Though Firinn projects Linkup will generate more than $250,000 in a couple of years, money is not his primary concern. Bringing people together for quality interaction comes first, and, unfortunately, that mission requires relentless pruning of those who "don't get it."

Firinn is an animated guy who oozes good intentions and a true believer's conviction with every inch of his 5-foot-9 frame balanced in geriatric orthopedic shoes. His regal posture gives away years of ballet training — one of the many subjects he says he dove into before UC Berkeley forced him to choose a major and graduate after seven years of undergraduate study. Now 51, he reads for four hours a day, and admits he cannot bear small talk. His events err on the cerebral side: discussing clichés in culture, reflecting on quotations, sharing books. His thick hair wicks up on end like a gray torch. Combined with stud earrings and his eerily intense aquamarine eyes, you can see him fitting right in at a hobbit casting call for Lord of the Rings.

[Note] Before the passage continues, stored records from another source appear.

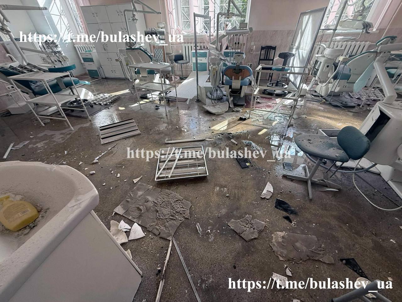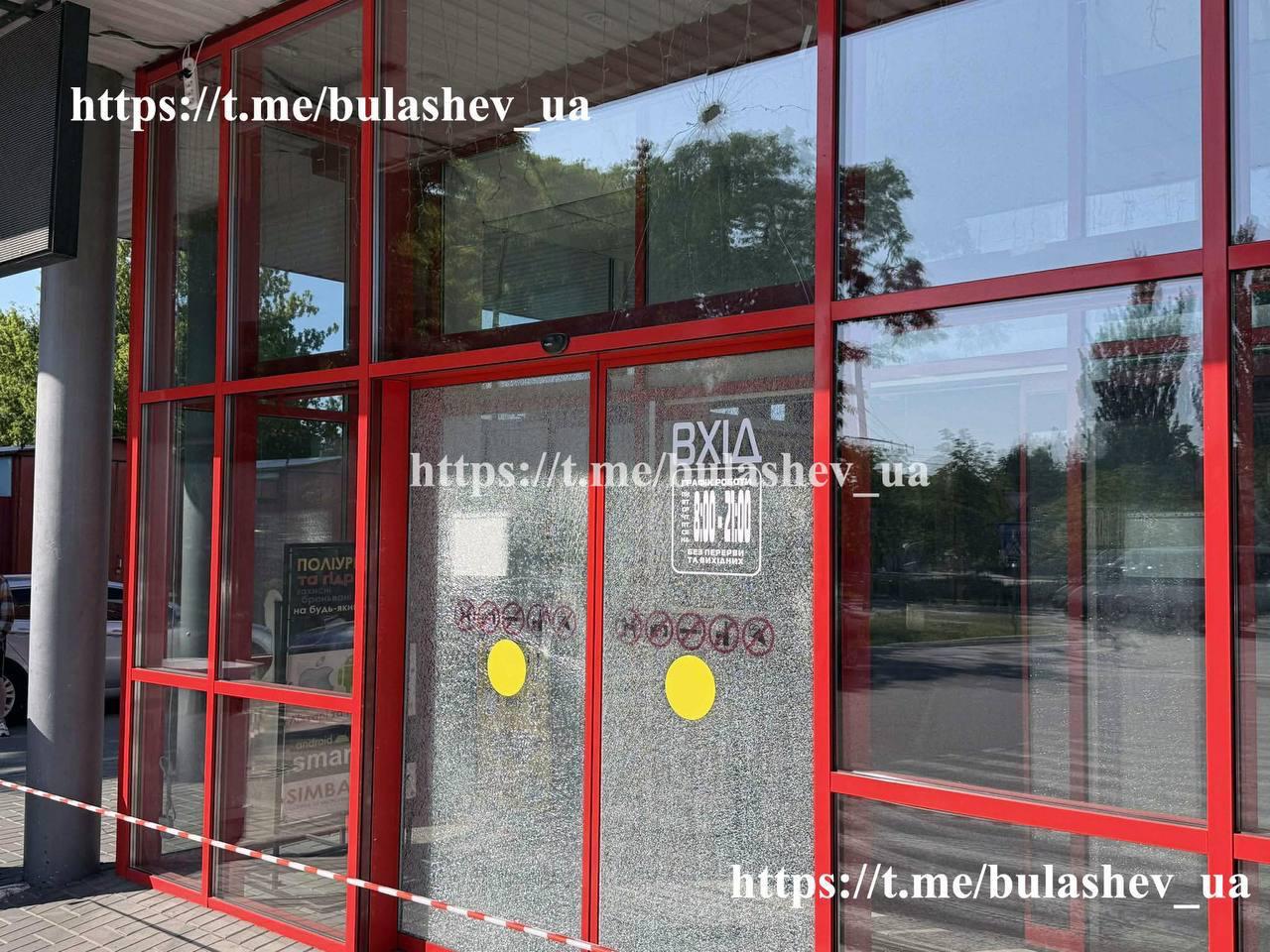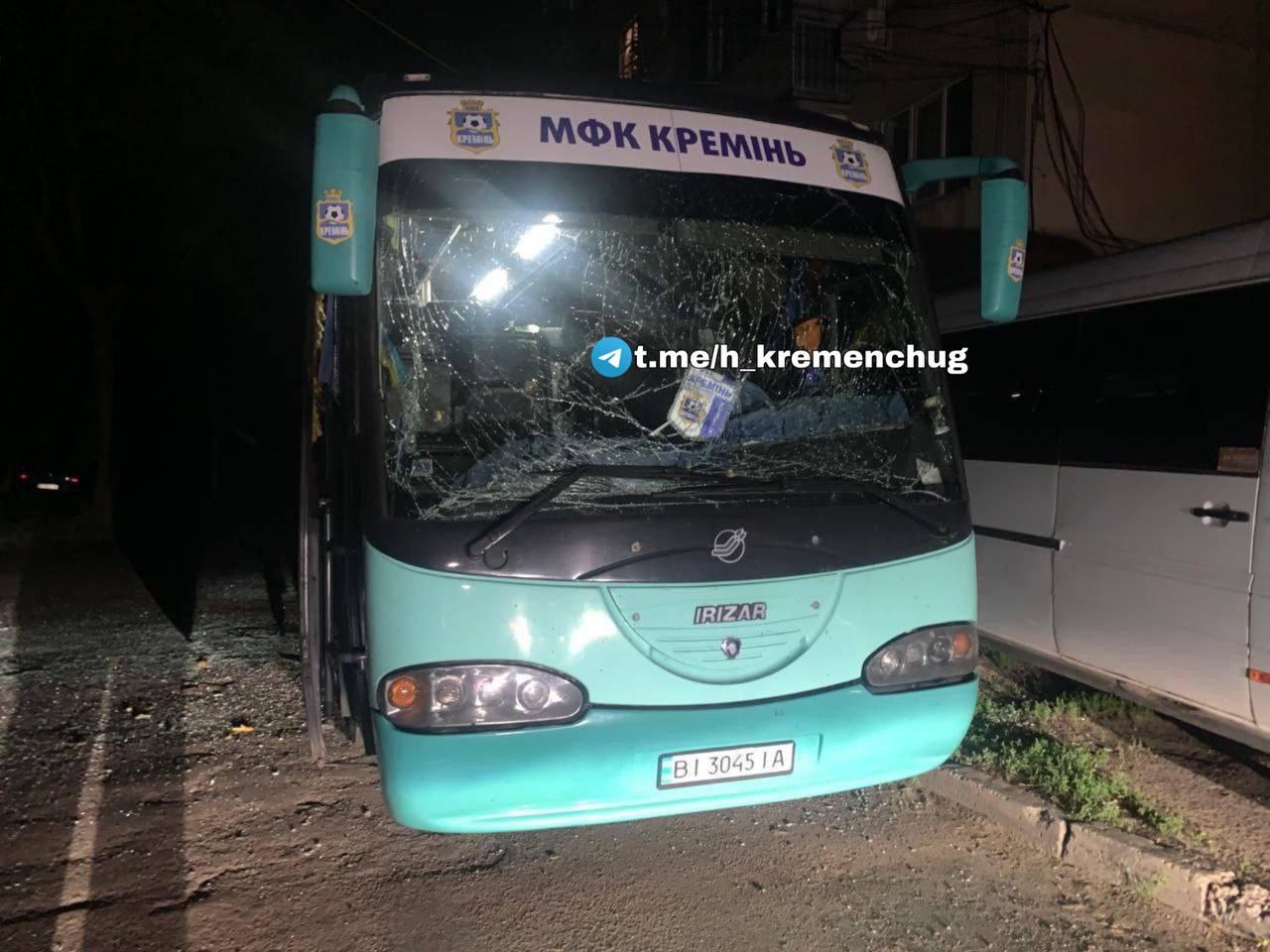Пошкоджено автобус футбольні команди "Кремень", лікарня та ТЦ.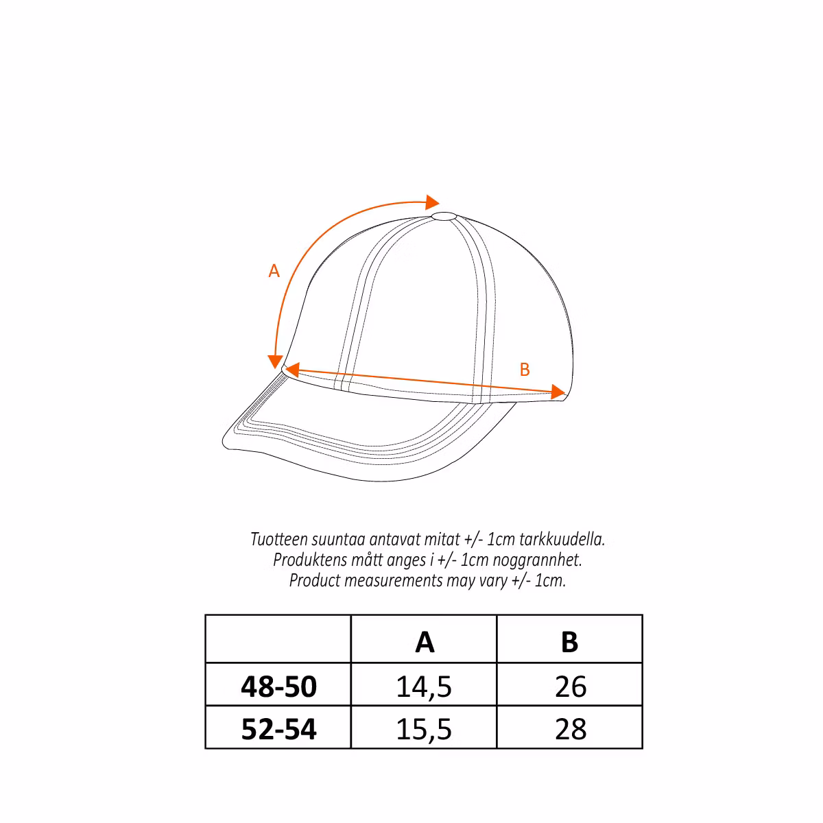 En klassisk keps med förböjd skärm, stadig framdel, broderade ventilationshål och ett justerbart spänne baktill.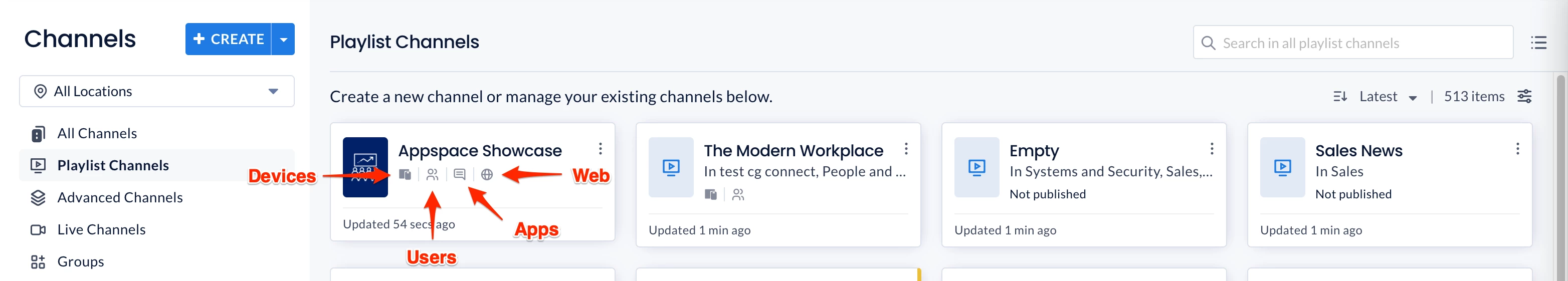 - Click Channels from the ☰ Appspace menu, and click the + CREATE button.

Firinn opens the computer file of those banished since Linkup's debut four years ago. He jokes that the number has decreased as "the low-hanging rotting fruit" are weeded out. A sentence-long explanation is tagged to each profile along with the user's e-mail, phone number, and IP address. Of the 3,000 who have left, nearly 60 percent delete themselves. The rest, well, ahem:

"This is borderline, but this is a narcissistic profile," Firinn says, intoning a breathy voice to read, "'I am and always will be an artist at heart.'" He asks, "Are you interested in sports? In music? We didn't ask for a mini biography, you know.

"Oh, here's a guy — two no-show flake factors, his rating was down to 46 percent, and then he had a picture of himself from the back," he continues. "I mean, that's an antisocial pattern right there! You're not showing up, and then you've got a picture of the back of your head?"

Firinn pauses and stares at you, like, don't you see a problem with this?

"Maybe he's trying to be artistic?" you offer.

"Maaaaybe," Firinn says. "Well, maybe he just doesn't fit."

End of discussion, and off go others without discussion, either: the guy who listed his name as "Chrisanova" and his job as "foofy evil-doer." (No fake profiles.) A guy selling boxes. (Spam is not allowed.) The entire women's field hockey group that was too cliquish. The guy who used "kissmyass" in his password. (Firinn has programmed his software to alert him every time people write an obscenity or a competing Web social group's name.) The guy who listed in his interests, "I don't like [to] stay at home. sex, and alcohol, and, sex, again." ("Forget it!" Firinn says: Cruising is not allowed.) The guy who was e-mailing members to look for a harpsichordist for his chamber orchestra. (Firinn says if you want to message strangers, go to MySpace.)

Firinn seems amused to revisit the old troublemakers, yet he says playing policeman is the most depressing part of his job: "You're just reminded of all the shitty little things people do," he says. "For me, the programming is not only easy, but a total joy. But people can be so wonderful and people can be such a pain in the ass."

To begin to understand Firinn Taisdeal, to understand why he wants to be "the good parent I never had" for a group of people who agree to be courteous to one another, you have to go way back and way across the country to Westport, Connecticut, when Firinn was not even Firinn yet, but James Henry Cunniff II.

Firinn holds back details, but life in the Cunniff household was apparently volatile. Recovering-alcoholic mother, codependent father, and lies-that-keep-the-family-safe-from-the-truth bad. All were brutal to each other with impunity, he says. Firinn adds he was the family's black sheep, forcing conversations on the subjects no one would talk about.